Financement de l’économie

« Le financement des PME doit passer par l’épargne réglementée et l’assurance vie »

Créé le

07.01.2011

-

Mis à jour le

01.02.2011

Les PME ne comptent pas uniquement sur les banques pour financer leurs besoins : livret A, LDD, PEL, dispositif ISF PME, sont autant de vecteur à étudier pour concilier épargne longue et financement des PME.

Quelles sont vos pistes pour diversifier les sources de financement des PME ?

Sur les 24 derniers mois, on peut distinguer deux grands moments :

  • la période septembre 2008-septembre 2009, pendant laquelle les relations se sont tendues et où les PME ont souffert. C’est la prise de conscience que nous sommes dans la crise et qu’elle va durer. Chacun va essayer de « sauver ses meubles » avec ce sentiment qu’il faut moderniser institutionnellement l’économie et jeter les bases de nouvelles règles financières partagées ;
  • dans l’année qui a suivi, un travail commun a été mené entre la FBF et la CGPME en particulier. Il a permis de concrétiser les propositions du chef de l’État avec des avancées concrètes comme une réponse sous 15 ​jours aux demandes de crédit, le renforcement du rôle des chargés de clientèle entreprises, dans un esprit de dialogue et de transparence.
Aujourd’hui, la période est porteuse d’espoir d’une relance timide. L’enjeu majeur concerne les TPE.·Au-delà des discours institutionnels, les personnels de certaines agences restent encore frileux : ils craignent le préjudice d'une faillite.

Les banques doivent valoriser leur métier premier de prêteur. Sans doute, pour les en convaincre, les chefs d’entreprise doivent-ils apprendre à mieux communiquer sur leurs projets, leurs résultats et leurs besoins réels de financement. Mais pour cela, encore faut-​il que la relation ne soit pas léonine. On imagine mal un dialogue se faire lorsque votre interlocuteur pense : « Tout ce que vous allez me dire pourra, demain, se retourner contre vous ! ».

Quelles sont vos pistes de réflexion sur le financement des PME ?

Je suis convaincu que le financement des PME doit passer par l’épargne réglementée et l’assurance vie. Pour cela, la plus grande transparence est nécessaire dans la destination des fonds et la distribution des fonds. Malheureusement, nous manquons aujourd’hui cruellement de retours statistiques pour obtenir une photographie précise.

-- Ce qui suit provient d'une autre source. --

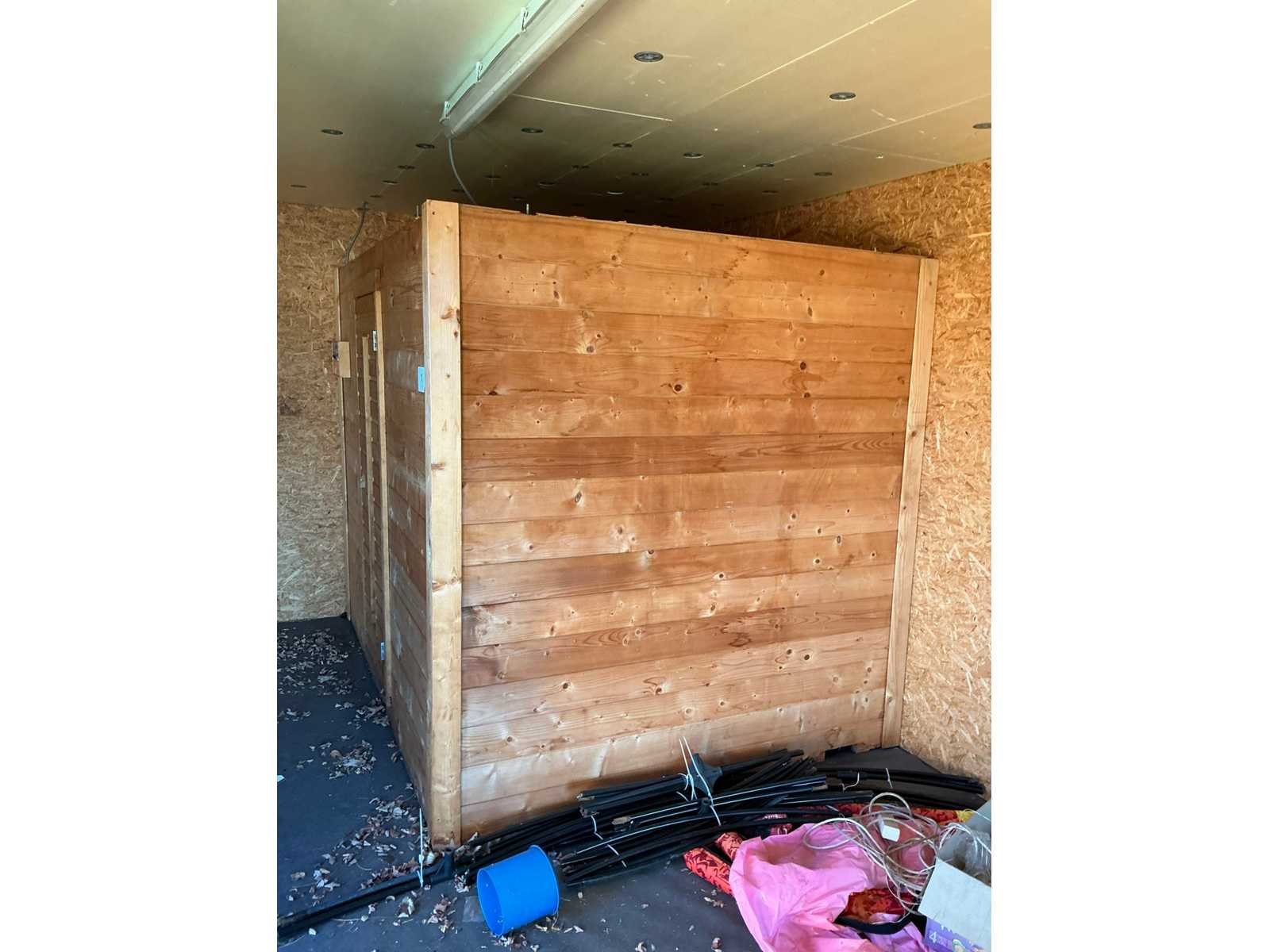 Voorzien van 2 niveau’s, stoomkachel en toebehoren, zelf te demonteren door koper Merk: Alpha Heat Lengte: 245cm Breedte: 195cm Hoogte: 200cm

Et pour que les opérateurs distribuent le Livret ​A ou le Livret de développement durable, ils doivent être correctement rémunérés. La dynamique de la collecte et donc l’augmentation des encours passent par un taux justement rémunérateur pour les banques.

Enfin, pour éviter toute mauvaise publicité, il faut supprimer les fléchages non pertinents, je pense au photovoltaïque par exemple. L’innovation, aujourd’hui, ne peut se contenter d’être technologique, elle doit aussi être socialement responsable. Je suis un fervent défenseur de la création d’un produit dont l’encours serait à destination des créateurs d’emplois.

Si nous prenons l’exemple du Livret A, n’opposons pas le financement du logement social et celui des PME. Le logement social donne directement et indirectement du travail aux PME, pour toutes les missions de construction, d’entretien, de gardiennage… Ce marché est évalué à 12 ​milliards d’euros. En revanche, geler des fonds destinés aux PME pour le logement social serait une grave erreur.

Il est temps aussi de réfléchir à une nouvelle formule de Plan épargne logement (PEL) qu’on pourrait relooker en le fléchant sur des activités de responsabilité sociétale. En l’état actuel, c’est un produit qui s’essouffle. Pourquoi ne pas flécher l'épargne placée sur ce nouveau PEL vers les PME, la reprise d’entreprise, la création d’emplois des jeunes et des seniors ?

Comment inciter les particuliers à investir dans le capital des PME ?

Les dispositifs ISF PME doivent être maintenus, clarifiés et renforcés. Sans créer des cadres trop rigides, qui tuent les idées, on pourrait imaginer des conventions ou des initiatives de parrainage bancaire. La banque doit rester un élément de garantie crédible et pertinent. Elle a un rôle de conseil à jouer, auprès des particuliers, pour développer des formes de Business Angels associatifs et faciliter l’approche de l’investissement directe dans les PME.